Still, if a human was going to look at several million positions, his search tree might not be too different from that of an engine.

Vas
Parent - - By Hetman (*****) Date 2007-11-27 18:23
It is obvious that human will not go to search so many positions :-).
Is it possible to separate eval from searching ?
The search tree is adjusted by eval, is not it ? The 'bad' variations are eliminated.
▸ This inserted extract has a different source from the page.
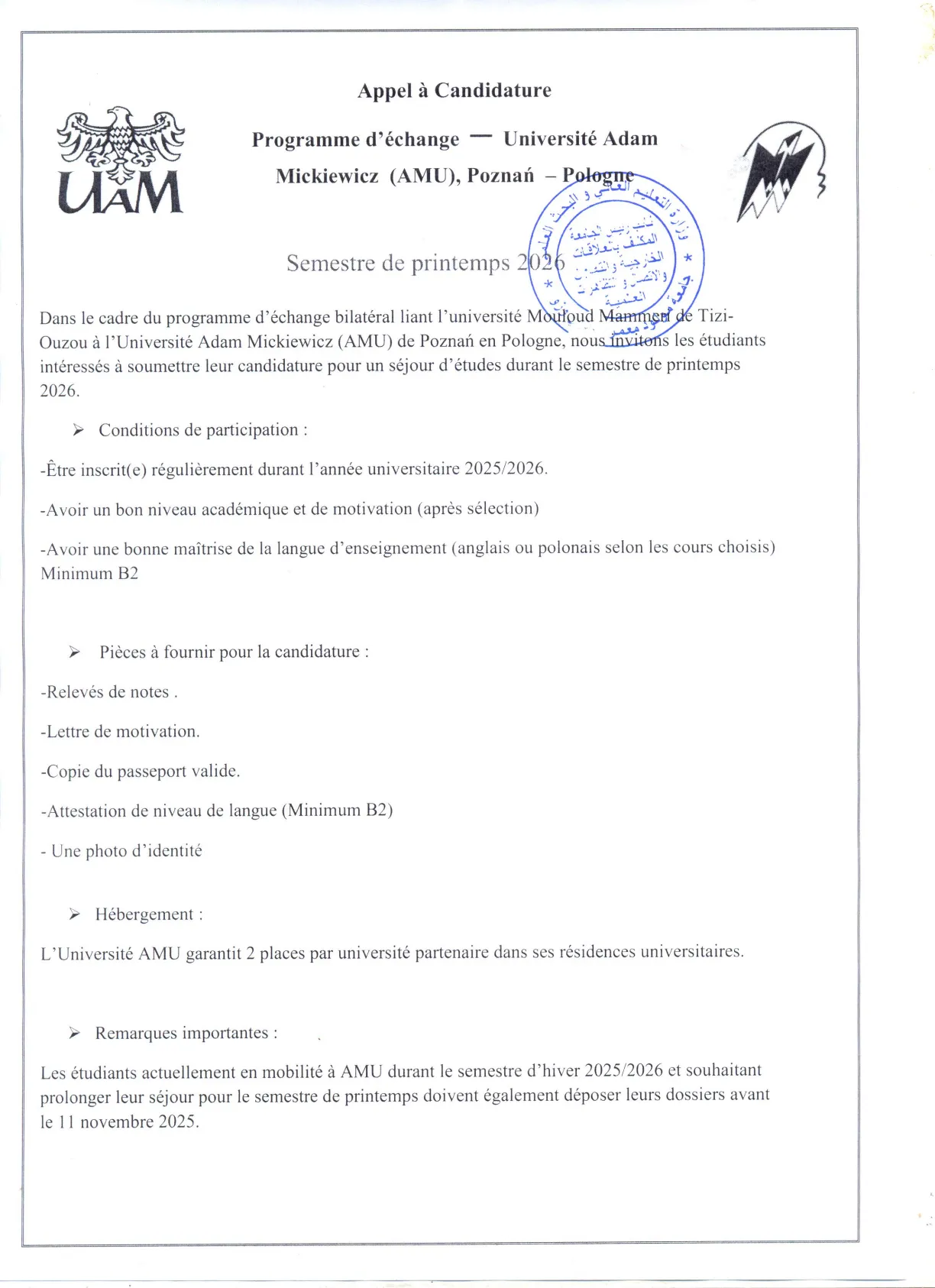 Appel à Candidature dans le cadre du Programme d’échange avec l’Université Adam Mickiewicz de Pologne
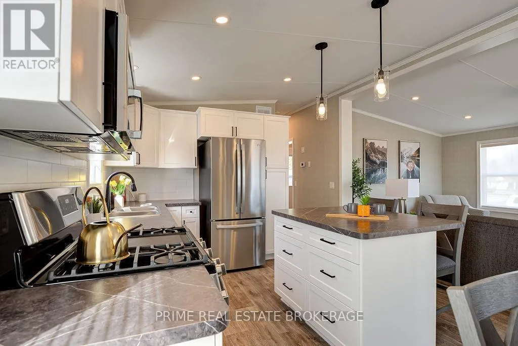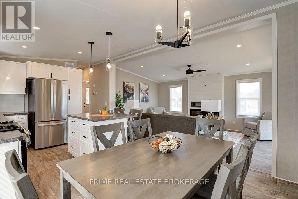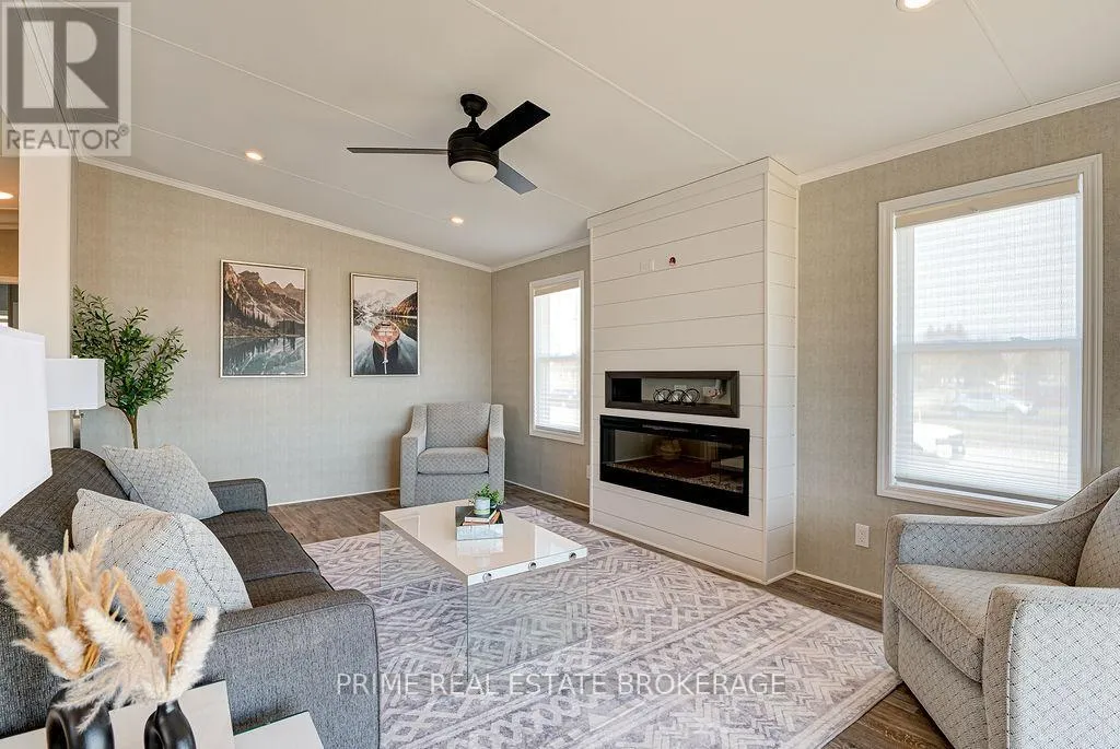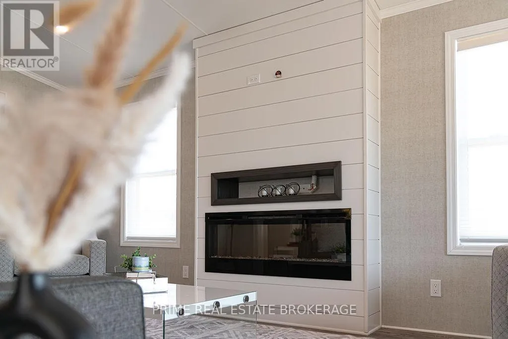 Head east out of Listowel on Hwy/Line 86. The Village is on the right. Turn into the Village, left at\r\nFairview Cres and follow until you can turn left on Meadowview Drive. Property is on the left. An exceptional Canadian custom-built Northlander manufactured home combines functionality and style on a newly developed lot in this well-maintained community,The Village, just east of Listowel. A 12' x 12' front porch provides opportunities to relax and enjoy the view in this 2 bedroom, 1 bathroom home, with a separate laundry room with a closet for additional storage. An open concept dining, kitchen and living area is illuminated with patio doors, windows and contemporary lighting.The kitchen boasts stunning cabinetry, stainless GE steel appliances, ceramic tile backsplash and an island for extra seating. A spacious living area with a beautiful built in cabinet showcases a fireplace, perfect for cozy winter evenings. Outdoors, there are trails for walking and paved streets throughout the park. The Village lifestyle includes a clubhouse on the premises which provides many social activities, while North Perth/ Listowel areas offers great shopping, golf, curling, a new community arena, delicious dining and cultural experiences. This is carefree, fine living at its best! (NOTE: Land is leased, modular home is owned. Utilize the owner's recommended mortgage specialist if financing is needed.) Live a life of leisure in this friendly, well-maintained community in North Perth's premier park,The Village. Ask about rent on the land lease promotion between now and November 15, 2025. (id:27476)

I think that human is going from differrent side to the chess. Decision from the position (soul or request) to the move, computer from evaluating the variations to the choosed move.
Rgds
Hetman
Parent - - By Banned for Life (Gold) Date 2007-11-27 18:43
Analysis on neural activity in people has shown that positional evaluation and calculation (search) are separate activities that are actually done in different parts of the brain. In people, positional evaluation is a pattern recognition skill that allows someone like Kasperov to look at a new position and almost instantaneously decide the game is won or lost before even doing the calculations to find the relevant variations.

Regards,
Alan
Parent - - By Vasik Rajlich (Silver) [hu] Date 2007-11-28 18:30
This actually isn't too different from what an engine does. The main differences are:

1) Kasparov's evaluation is (somehow) done in parallel, while Rybka's is sequential (term A, then term B, etc)
2) Kasparov has (much) better heuristics
3) Kasparov is (much much much) slower

Vas
Parent - - By Banned for Life (Gold) Date 2007-11-29 10:35
You would be in deep trouble if you had to rely on the use of heuristics to make sense of incoming sensor data. As an example, when you walk into a room where you've never been before, you can immediately identify the sofa, the television, a potted plant, the dog, and millions of other objects without performing any conscious thought. You can do this, even if each of the objects is different than all of the objects of that type that you've seen before. This is all almost certainly done in the brain by pattern matching against numerous templates of each of the objects. Picasso made a living by painting the template matching characteristics of objects while distorting or eliminating the objects themselves.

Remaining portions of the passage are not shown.